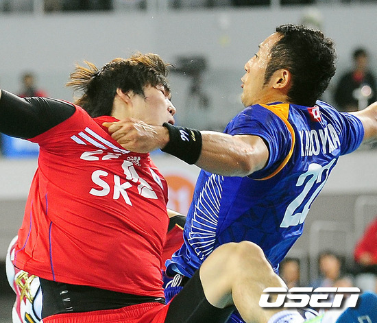 [OSEN= 백승철 인턴기자] 23일 오후 서울 방이동 올림픽공원 SK 올림픽핸드볼경기장에서 열린 한국과 일본과의 2012 런던올림픽 핸드볼 아시아 남자예선 경기 전반 고경수가 일본 수비와 충돌후 넘어지고 있다.
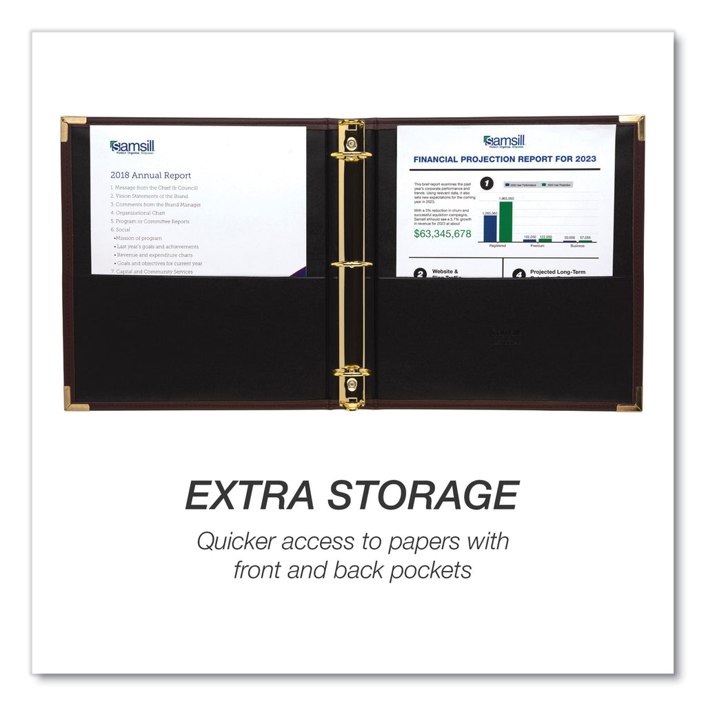- Rigid, leather-like cover with hand-stitched edges and brass-plated metal rings and corners give a clean, professional, upscale appearance.
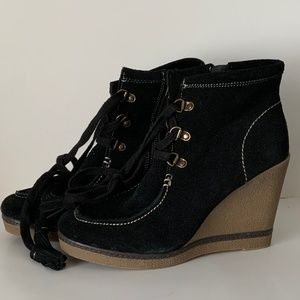 MIA Hazel Suede Leather Loafer Lace Up Wedge Booties. Size 8. Super Cute! Fringe Lace detail, tie up, with zipper side. See photos for details.

• [The task]: Print the listing again exactly as it appears, except for the pictures, which stay out.

• [Response below]:
 [OSEN= 백승철 인턴기자] 23일 오후 서울 방이동 올림픽공원 SK 올림픽핸드볼경기장에서 열린 한국과 일본과의 2012 런던올림픽 핸드볼 아시아 남자예선 경기 전반 고경수가 일본 수비와 충돌후 넘어지고 있다.
- Rigid, leather-like cover with hand-stitched edges and brass-plated metal rings and corners give a clean, professional, upscale appearance.
 MIA Hazel Suede Leather Loafer Lace Up Wedge Booties. Size 8. Super Cute! Fringe Lace detail, tie up, with zipper side. See photos for details.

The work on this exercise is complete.